Eight people died as a direct result of the 027 strain and the bug was found to have contributed to the deaths of a further eight people, the health board said.
Another six patients with the infection died at the hospital, but the board said the C Diff played no role in these cases.
The outbreak is the clearest sign yet that C Diff has taken root in Scotland. It had previously been considered more of a problem south of the border. The first Scottish case of 027 was diagnosed in October 2006.
Hugh Pennington, emeritus professor of bacteriology at Aberdeen University, described the latest outbreak as a major threat to Scottish hospitals.
He said: "There's no absolute proof, but it does seem to be particularly good at spreading in hospitals and that may be one of the reasons it has become more common."
He added that there was reason to believe C Diff was more of a priority than MRSA, warning: "A lot more people die from C Diff and it kills people quite speedily compared with MRSA, which can take months to kill."
After an emergency outbreak control meeting on Tuesday to discuss the latest worrying developments, it was agreed to conduct an urgent review of the use of antibiotics, which can contribute to C Diff infections by destroying other bacteria in the gut that would normally fight against it.
The board's hand hygiene co-ordinator has also been sent to the hospital to investigate improvements to hand-washing facilities and compliance with hygiene protocols at the hospital.
Of the 54 infected patients, only 13 had contracted C Diff before entering the hospital.
The emergency measures follow the completion of an investigation of C Diff cases in the Clyde area ordered in March after a "cluster" of three people were found to have the bug - two at Vale of Leven and one at the Royal Alexandria Hospital in Paisley. One of those patients died.
A further meeting of the outbreak control team, which includes members of the health board's Public Health Protection Unit, Health Protection Scotland and infection control leaders, is scheduled for this afternoon.
Hygiene experts last night warned the growth of C Diff, particularly the 027 strain, raised questions about the suitability of hygiene procedures introduced in UK hospitals to tackle the spread of MRSA.
While alcohol wipes and gels common on Scottish wards are seen as effective
in combating MRSA, they do not kill C Diff spores and there is some evidence alcohol may even promote their growth.
Mr Pennington called for a Scottish-wide review to examine whether it was necessary to revert to "old-fashioned" hand-washing methods.

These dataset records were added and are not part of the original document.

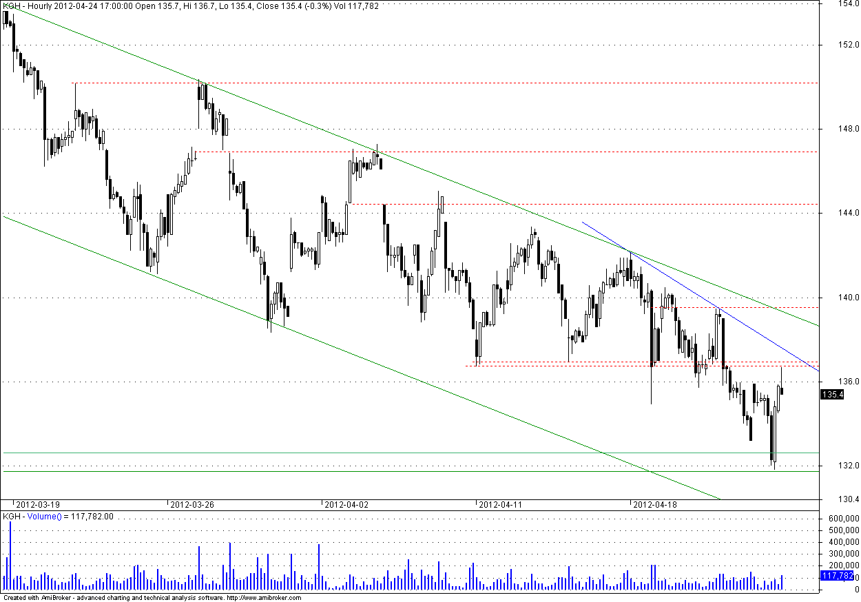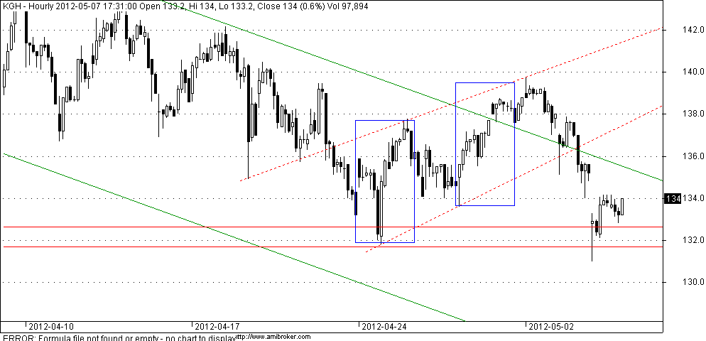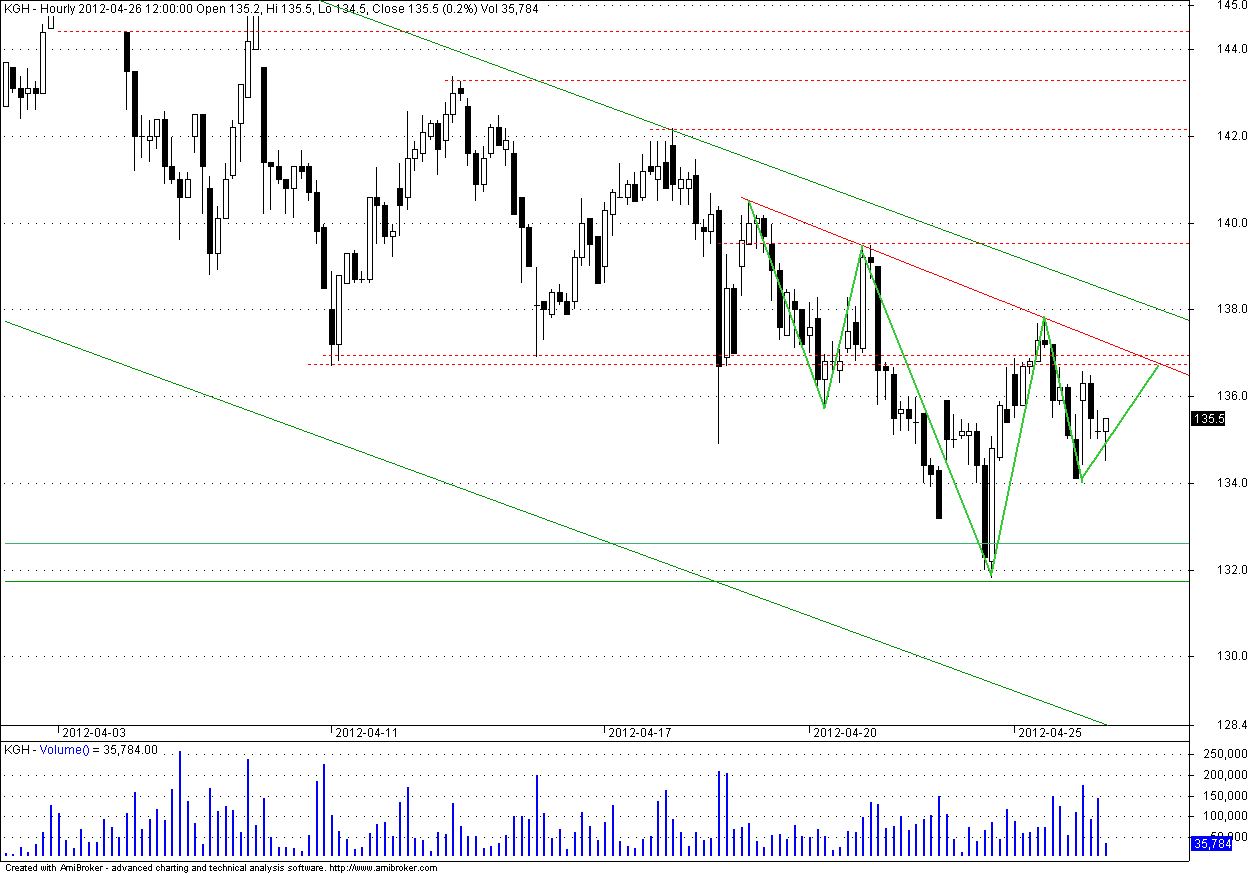dojście do wsparcia i szybkie odbicie, to za mało do zmiany trendu, potrzeba wyjścia na 140, puki co nadal spadkowo
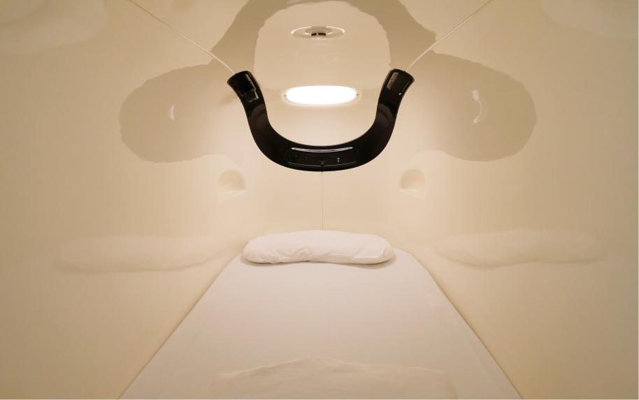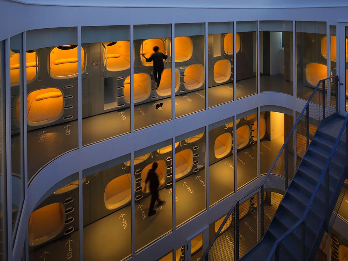 Минимализм, доведённый до совершенства. Здесь всё подчинено идее «9 часов»: 1 час на душ, 7 часов на сон и 1 час на подготовку. Капсулы чистые, футуристичные и очень удобные.
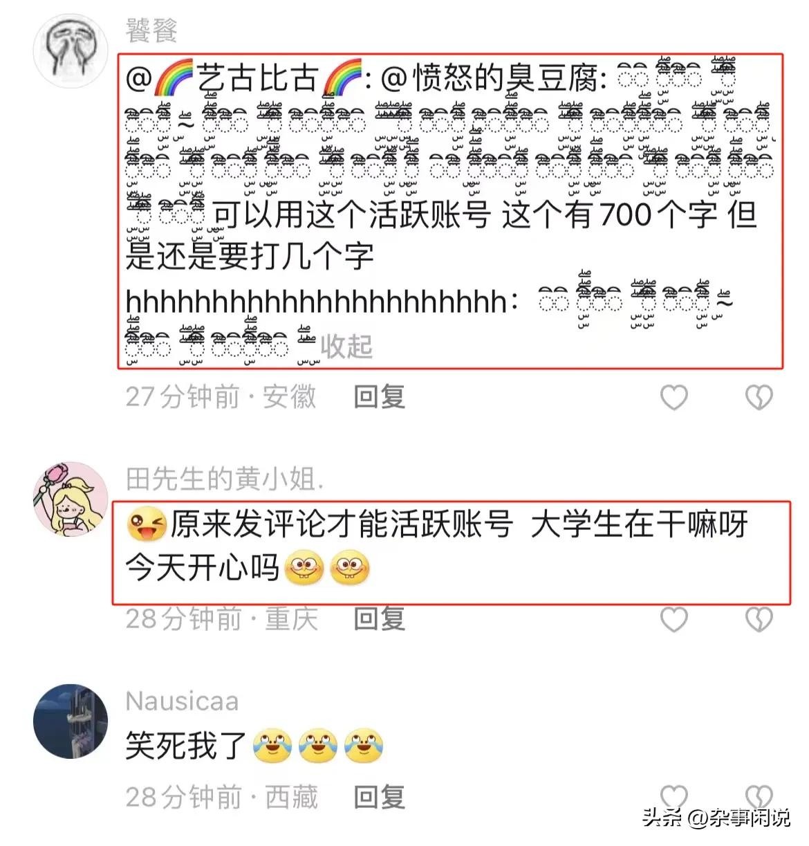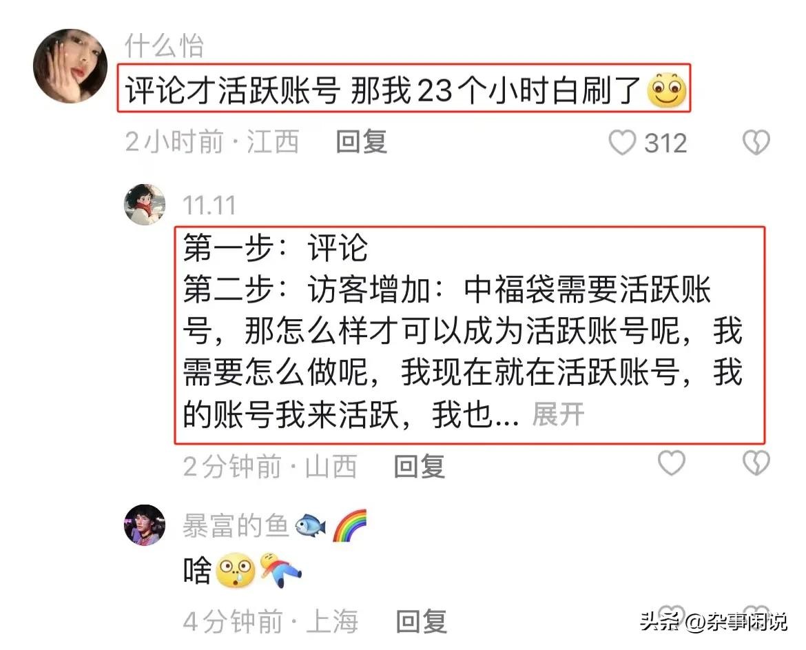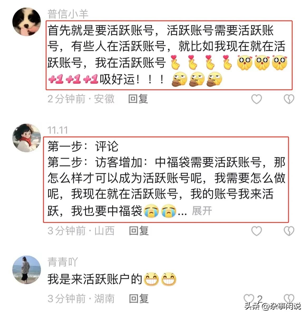 评论区是有自己思想的,自成一派,大家打招呼的方式默契的变为“你今天活跃账号了吗?”,大家才算是玩明白了评论区,纷纷分享活跃账号指南,账号活跃度直接影响中福袋的概率,看这节奏是00后接掌评论区了吗?

"One of the issues is that there is so much emphasis on alcohol gels and wipes. For MRSA, these are fine but they don't do much to combat
C Diff," he said.
"We may need to go back to the old-fashioned method of hand-washing in sinks using soap as it appears to be the only thing that keeps C Diff at bay."

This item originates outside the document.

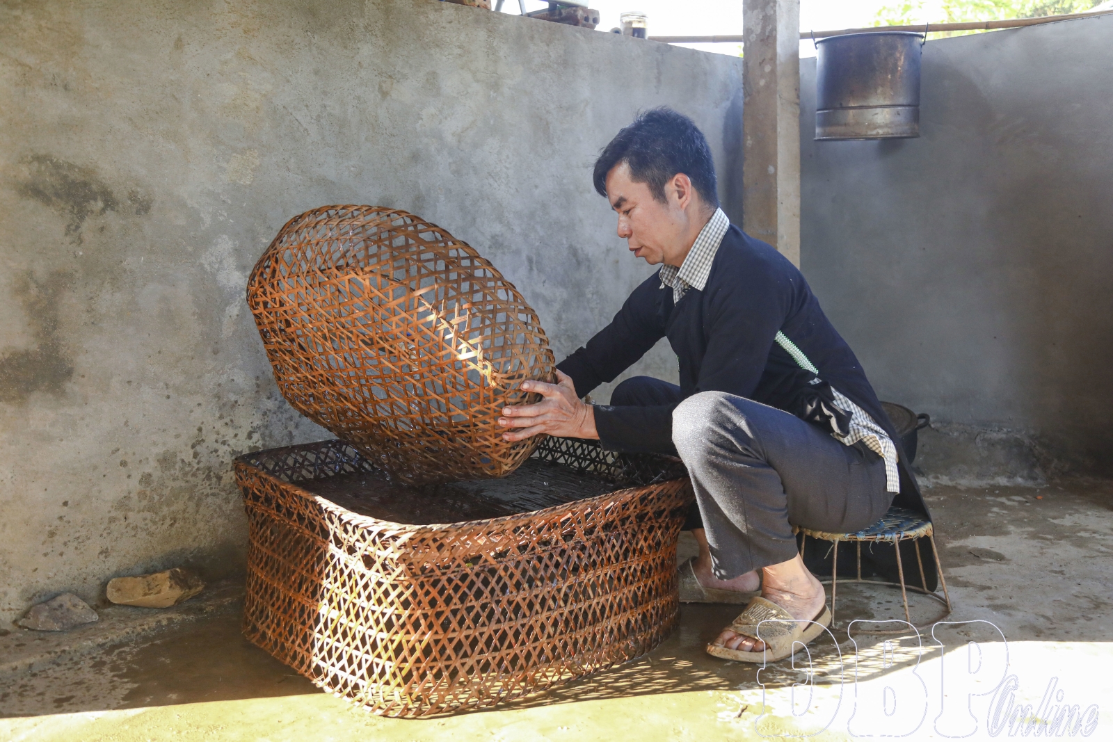 When the sun is out, the men take advantage of the light to weave bamboo trays and baskets for sale or personal use. These handcrafted trays are meticulously made and hung over the kitchen hearth to ensure durability. When the lunar new year arrives, the bamboo tray is brought down and washed clean to hold offerings and the holiday feast. Replacing an old tray during this time is seen as a prayer for new beginnings and abundant luck.

A spokeswoman for Health Protection Scotland, the
NHS agency tasked with
preventing disease and infection outbreaks, said it supported measures taken by NHS Greater Glasgow and Clyde and was working
with infection control teams from other health boards
to contain the spread of
C Diff.
Dr Syed Ahmed, chair of the NHSGGC outbreak control team, said he was "particularly concerned" about the number of deaths at Vale of Leven between last December and June 1.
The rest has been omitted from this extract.